Views from investors regarding the status of hotel finance

Mike Wilbert, Sr.”I think that the Fed’s rate cuts in the second half of the year will result in lower interest rates.”

Aeppel Glyn.”[Fed Chairman] Powell has stated that they want to gradually lower interest rates and that inflation is expected to stabilize at 2%. It will proceed very steadily and slowly.

 

2024 refis

According to HREC, given the more stable capital markets environment, the wall of maturities, and the banks’ decreased willingness to “extend and pretend,” this year should be favorable for refinancing.

What do hotel investors think?

Aeppel Glyn.”Strong may not be the best term to use. Refinancing opportunities will be available for assets with robust operations and cash flow, but sales of assets may be necessary for those under stress.

Christopher Rooks.”Since we are comparing the last 15 years, rates will stabilize, but the cost of capital will remain high over the long run.” The day will belong to non-traditional lenders who can provide liquidity.

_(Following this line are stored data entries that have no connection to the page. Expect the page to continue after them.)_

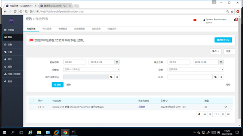 在报告页面,我们可以看到目前所完成打印作业情况,也可以根据企业内部自身需要来预设需求。简单说,企业可以通过系统来生成按照部门、时间、区间等条件,自动进行筛选生产数据报表,还可以根据预定义或定制化管理报表,并实现报表的定期自动导出。
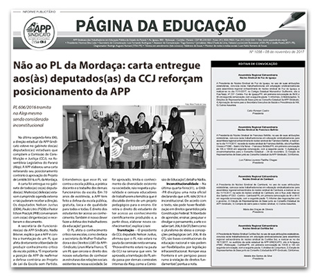 Nesta terça-feira (07) pela manhã, o presidente da APP-Sindicato, professor Hermes Leão, protocolou na Secretaria de Estado da Educação (Seed), o documento chamado Defesa da Legalidade. Vários itens da pauta representam a luta da categoria contra os retrocessos implantados no ano letivo de 2017. Professores(as) e funcionários(as) de escolas de todo o Paraná participaram da […]
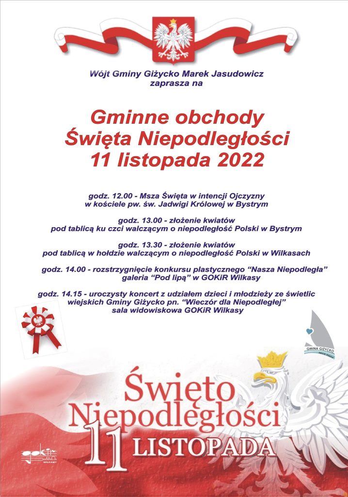 O godzinie 14:00 zaplanowano zaś część artystyczną w Gminnym Ośrodku Kultury i Rekreacji w Wilkasach, gdzie zostaną ogłoszone wyniki konkursu plastycznego „Nasza Niepodległa”, odbędzie się też uroczysty koncert „Wieczór dla Niepodległej”, w którym ze swoim repertuarem wystąpią dzieci i młodzież ze świetlic wiejskich gminy Giżycko.
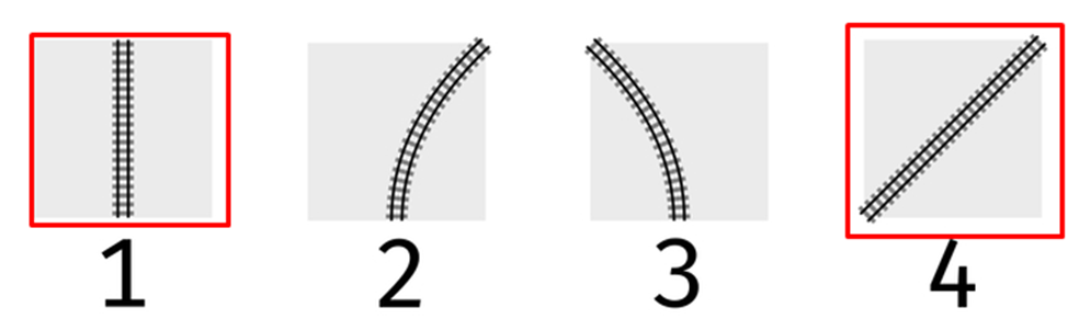 Дальше комбинаторика вариантов "парочками" с прямой и поворотом как товарищ в статье. Всего получается… пять уникальных вариантов. И всякие запрещенные – с двумя непересекающимися поворотами на одном тайле. Такой не пойдет скорее всего из-за габаритов паравозика, так что его… да просто не буду делать, как и товарищ выше на квадратных тайлах и все. Перекресток двух прямых туда-же, его просто не будет во избежание аварий. Есть еще вариант тройной стрелки на одном тайле, но на взрослых дорогах его стараются избегать, так что и я его тоже откидываю. И не стоит делать две стрелки на одном тайле чтоб не путаться с адресацией. И три стрелки тоже не будем. Один таил=одна стрелка.
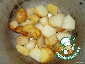 Картофель почистить,порезать кусочками и обжарить в растительном масле до золотистой корочки.
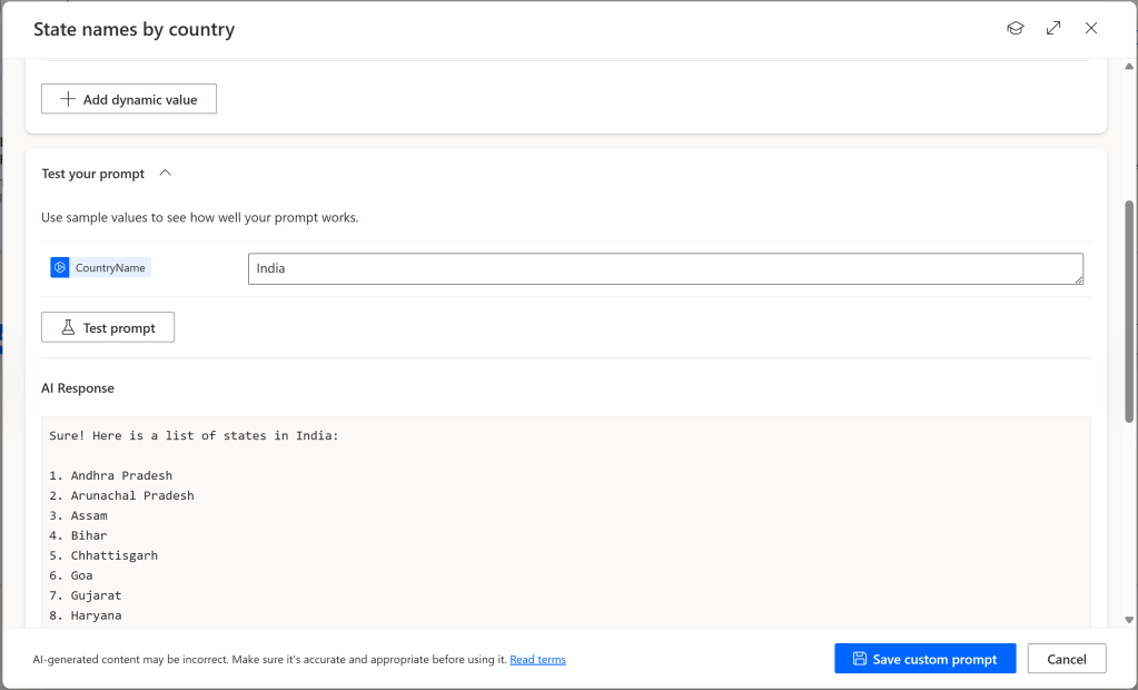 - I want the ‘Country’ to be a dynamic value, so I prepared my prompt as follows:
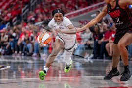 Las Vegas Aces guard Jackie Young (0) drives the ball around the defense of Indiana Fever guard Odyssey Sims, right, during the first half of Game 4 of a WNBA basketball playoff semifinals series in Indianapolis, Sunday, Sept. 28, 2025. (AP Photo/Doug McSchooler)
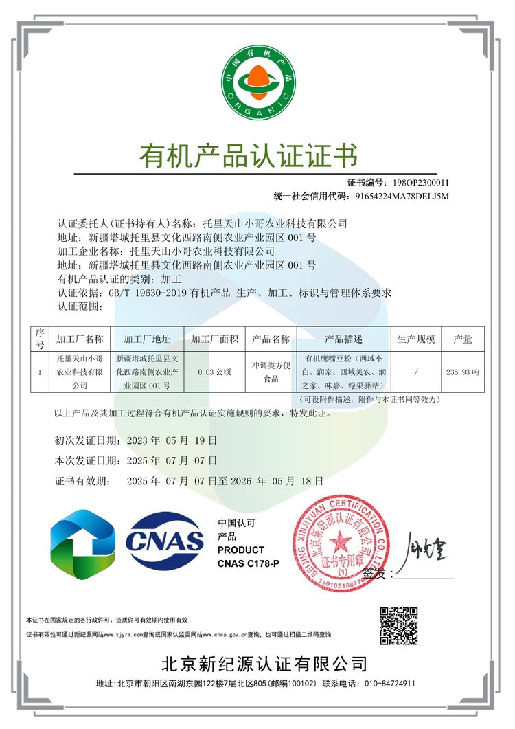原料——新疆有机鹰嘴豆。产自巴尔鲁克山下,这里的鹰嘴豆产量高,色泽金黄,品质好。选用山区农户直供非转基因鹰嘴豆,它皮薄,圆润,饱满,还带有独特的板栗味儿,口感沙糯。手工挑选之后,自然晒干,采用全豆低温研磨,保留了鹰嘴豆的全部营养。

Gregory Friedman.”Refinances will undoubtedly be driven by rate stability. However, many potential borrowers will require fresh equity injections, sometimes known as “cash in refi,” before they will even consider refinancing their houses because rising interest rates and rising cap rates have caused real estate prices to decline. We observe that at least 20% of borrowers need more equity in order to refinance.

Greg Mount. “In 2023 we saw $541 billion in debt come due, the highest ever. From what we’ve heard, in 2028 more than $2.2 trillion in debt is maturing and much will have to be refinanced at a higher rate. So, to answer your question refis in 2024 will likely not be as strong as 2023, and from what we have seen lenders seem to be working with borrowers, albeit at higher rates.”